RSIM was developed using big-endian machines and simulates a big-endian architecture. This configuration is straightforward, but on the other hand our port needs to simulate a big-endian architecture on top of a little-endian machine. This implies that at some places we have to change the order of bytes in words.

We keep the simulated memory always unmodified in the target endianness, so that unaligned accesses or packed arrays are easy to handle. Basically, we swap bytes when performing each simulated memory operation.

The predecoded executable data is generated at benchmark build time. Therefore, it is in the same endianness than the original executable. We swap its bytes after loading it for simulation and cache the byteswapped version.

The endianness differences also subtly affect other parts of the simulator, like partially overlapped forwarding of memory operations and some initialization routines. Some of these cases have been detected only after careful debugging.

Linux and Solaris system call interfaces are not exactly the same, althought they are very similar since they are both based on System V. Hence, some simulator traps that rely on host system calls require a translation of its parameters before they can be executed.

The floating point incompatibilities between SPARC and i386 are caused by the fact that SPARC implements the IEEE 754 floating point standard while i386 processors use the Intel x87 80-bit format for representing floating point numbers in the processor registers, even if they are stored in IEEE 754 format in memory.

In most cases, the extra precision is beneficial, but not for our purposes because it causes different results due to rounding differences. We wish to obtain the exact same results independently of the underlying architecture to be able to compare with our previous results, and the rounding differences would make this impossible.

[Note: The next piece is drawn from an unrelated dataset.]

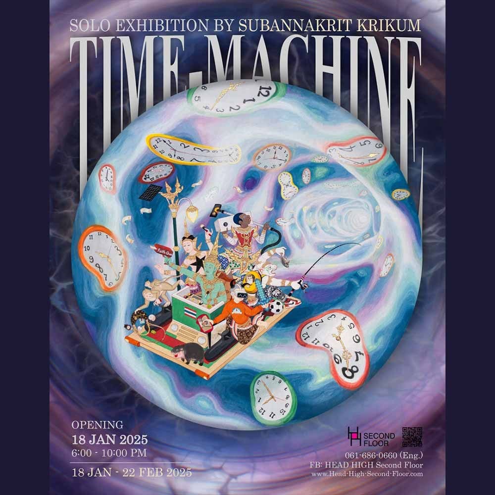 Head High Second Floor ภูมิใจนำเสนอ “Time Machine” นิทรรศการเดี่ยวโดย สุบรรณกริช ไกรคุ้ม “ศิลปะไทย” เป็นสิ่งที่ สุบรรณกริช ไกรคุ้ม ให้ความสนใจมาตั้งแต่เด็ก เขาได้เรียนรู้กระบวนการดั้งเดิมและเรื่องราวเบื้องหลังของจิตรกรรมฝาผนังในแต่ละยุคสมัยผ่านการศึกษาในภาควิชาศิลปะไทย มหาวิทยาลัยศิลปากร จากประวัติศาสตร์อันยาวนาน เขาตระหนักดีว่า “จิตรกรรมไทยเป็นภาพสะท้อนของประวัติศาสตร์ไทย” ในงานของเขา ศิลปินได้นำเสนอแนวคิดเกี่ยวกับการบันทึกประวัติศาสตร์โดยสะท้อนถึงเหตุการณ์ทางสังคม เศรษฐกิจ และวัฒนธรรมในประเทศไทยในปัจจุบันผ่านมุมมองและข้อคิดของเขาเอง

To solve this, we instruct the compiler to produce floating point code using SSE2 instructions and registers present in newer x86 processors (Intel Corporation 2004). These instructions use eight 128-bit registers which can hold two double precision (64-bit) or four single precision (32-bit) numbers using the IEEE 754 format and perform short vectorial operations with them or scalar operations.

Another problem related with floating point differences is the different bit representation of the "Not a Number" (NaN) value in SPARC and i386 using SSE. Both representations are correct according to the IEEE 754 standard, but a benchmark could behave sightly differently if it tried to interpret the in memory representation of a NaN value.

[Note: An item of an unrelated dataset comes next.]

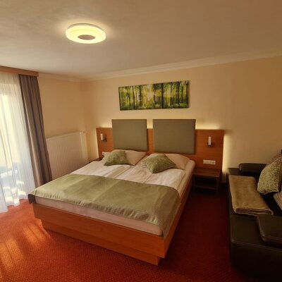 Das Familienzimmer Berg mit Balkon bietet modernen Komfort und reichlich Platz für bis zu 4 Gäste. Zwei getrennte Schlafzimmer sorgen dafür, dass Groß und Klein erholsame Ruhe genießen können. Die hochwertige Einrichtung schafft eine gemütliche Atmosphäre, während ein LED-Fernseher mit SAT-Empfang für Unterhaltung bereitsteht. Das Badezimmer mit WC, Badewanne und Föhn ist bestens ausgestattet, und Handtücher, Badetücher sowie Bademäntel liegen für euch bereit.

Out port can optionally normalize the NaN representation ensuring that the SPARC representation is always used (this normalization process may affect simulation performance for our port. This option was enabled in the simulations used to measure times for this work). Most benchmark results are unaffected by this difference, but it makes debugging the port harder due to the different values stored in the simulated registers and memory.

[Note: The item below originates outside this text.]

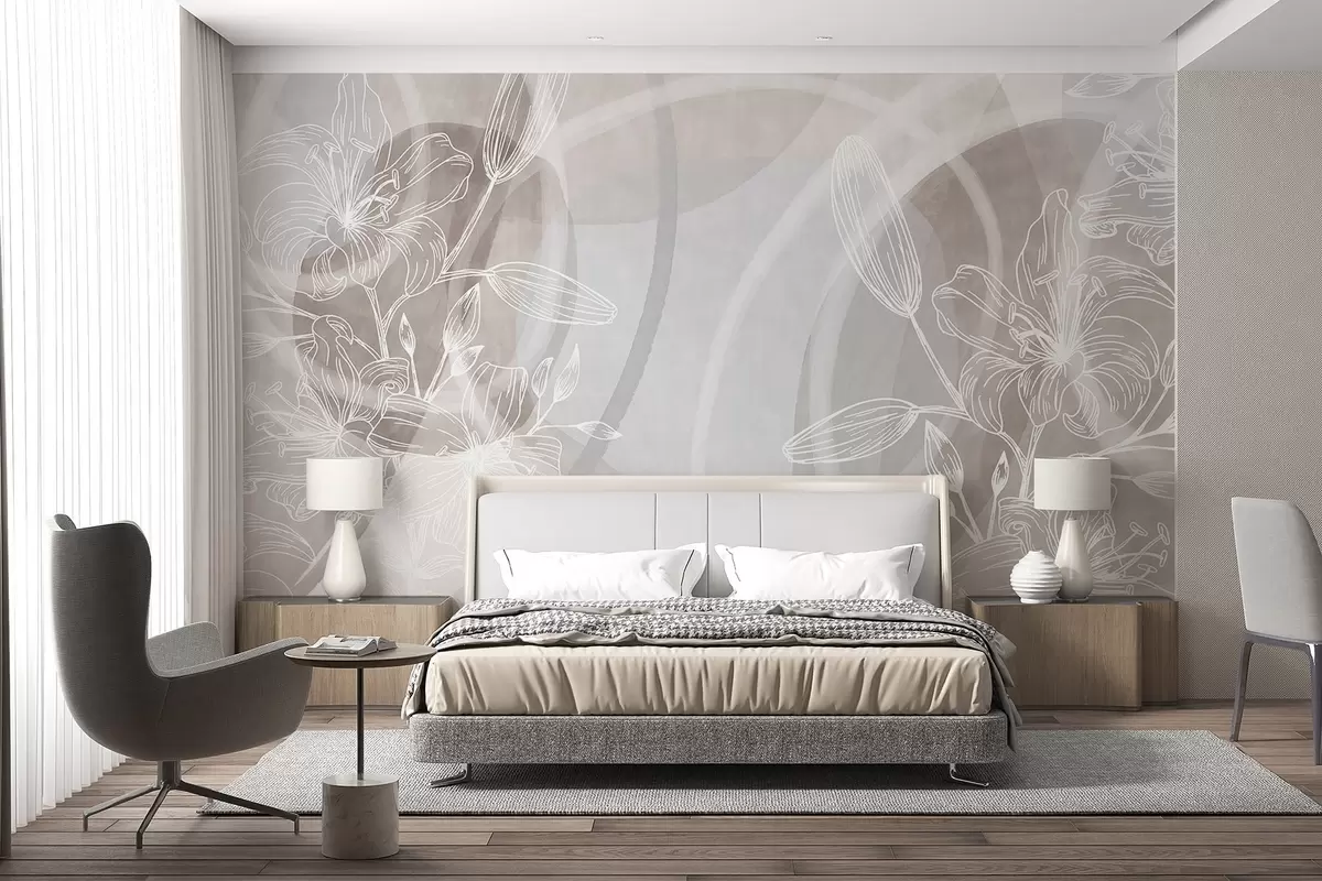 Fototapeedid Minimalistlik lillekujundus valge joonekunsti lillede ja lehtedega, kattuvad abstraktsed ringid beeži ja sinise varjundiga Nr w08979v1

Finally, the functions used to implement the simulated SPARC instructions to change the rounding modes are different between Solaris and Linux.

We have ensured that our port obtains exactly the same simulation results in both Solaris/SPARC and Linux/i386 architectures. This allows us to use all our machines to perform simulations and, more importantly, meaningfully compare the results of benchmarks and compare new results with old results from experiments performed prior to the port.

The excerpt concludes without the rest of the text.